> Work to be completed
In your copy, leave out the pictures and output only the lines from the one holding "Maximální bezpečnost zajišťují" through the end of the data below, exactly.

> Given material
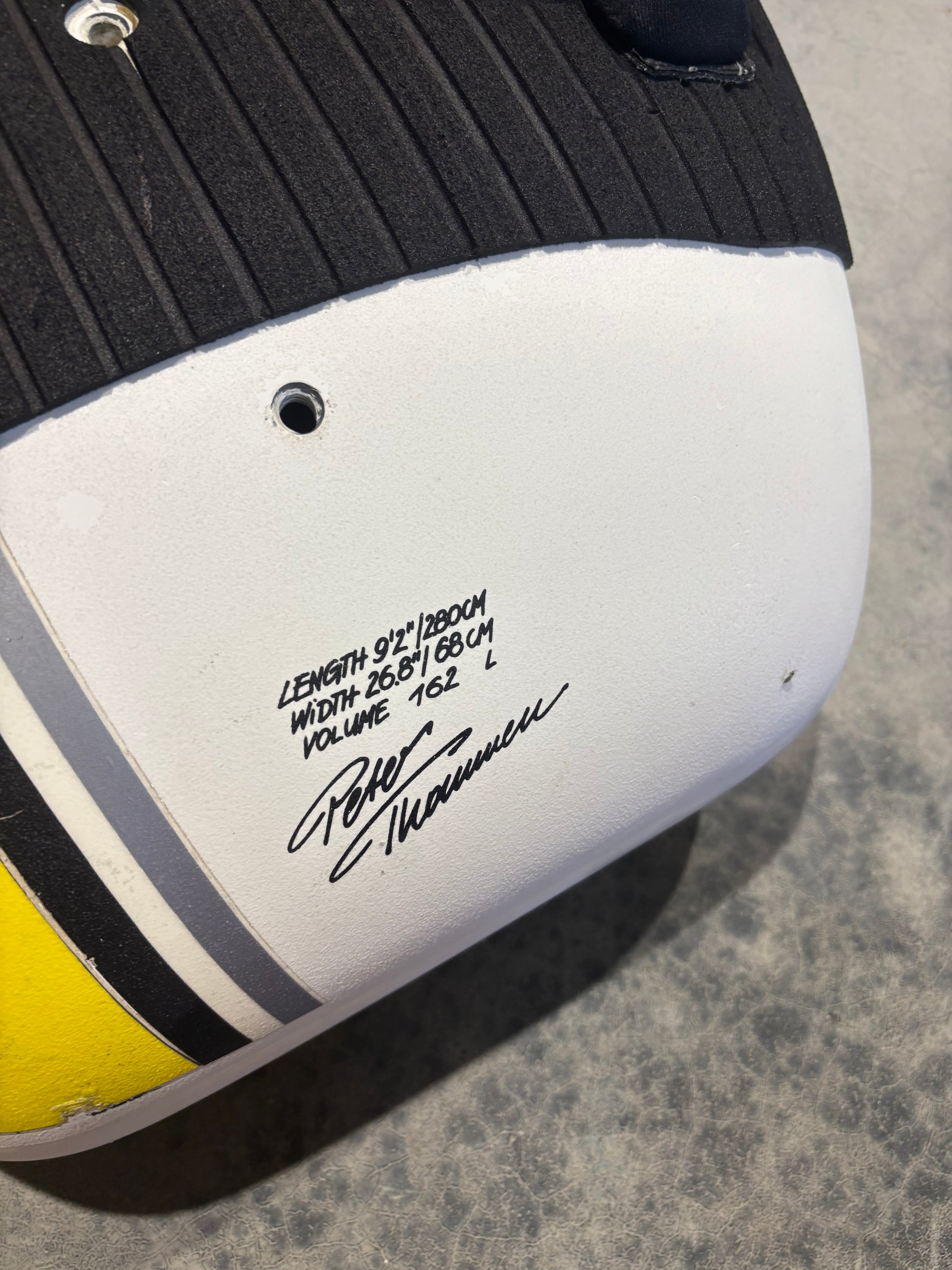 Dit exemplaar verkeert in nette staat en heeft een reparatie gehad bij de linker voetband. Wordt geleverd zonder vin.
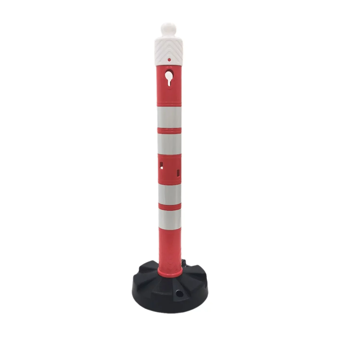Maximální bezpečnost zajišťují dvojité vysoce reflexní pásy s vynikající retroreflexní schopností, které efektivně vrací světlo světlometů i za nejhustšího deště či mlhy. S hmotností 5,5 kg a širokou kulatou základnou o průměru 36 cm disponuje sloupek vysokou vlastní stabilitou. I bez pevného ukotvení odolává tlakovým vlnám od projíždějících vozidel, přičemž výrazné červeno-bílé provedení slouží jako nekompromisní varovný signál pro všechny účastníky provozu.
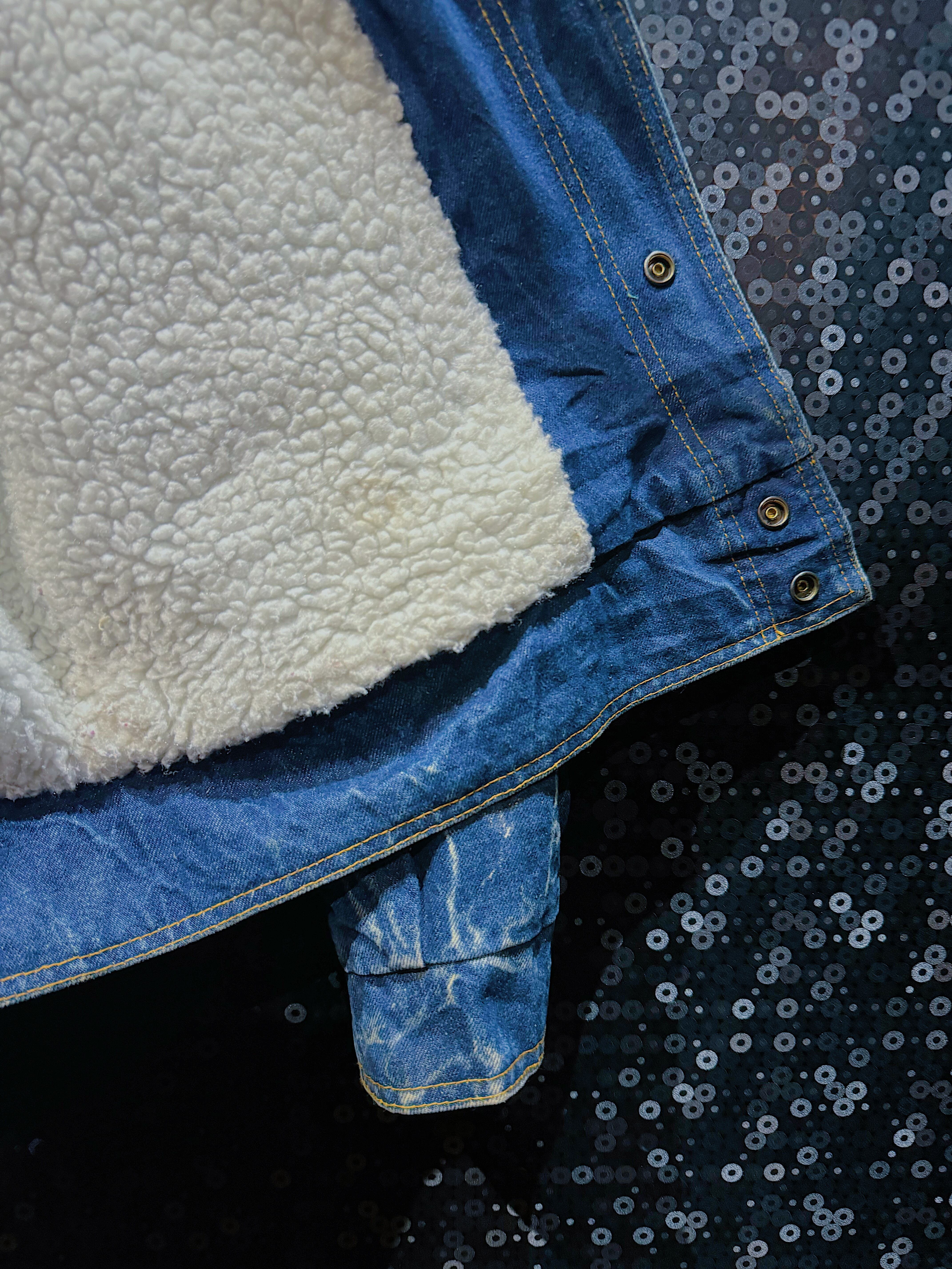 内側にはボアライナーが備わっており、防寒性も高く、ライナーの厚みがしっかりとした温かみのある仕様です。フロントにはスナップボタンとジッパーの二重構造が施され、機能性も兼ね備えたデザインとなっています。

> Task output
Maximální bezpečnost zajišťují dvojité vysoce reflexní pásy s vynikající retroreflexní schopností, které efektivně vrací světlo světlometů i za nejhustšího deště či mlhy. S hmotností 5,5 kg a širokou kulatou základnou o průměru 36 cm disponuje sloupek vysokou vlastní stabilitou. I bez pevného ukotvení odolává tlakovým vlnám od projíždějících vozidel, přičemž výrazné červeno-bílé provedení slouží jako nekompromisní varovný signál pro všechny účastníky provozu.
 内側にはボアライナーが備わっており、防寒性も高く、ライナーの厚みがしっかりとした温かみのある仕様です。フロントにはスナップボタンとジッパーの二重構造が施され、機能性も兼ね備えたデザインとなっています。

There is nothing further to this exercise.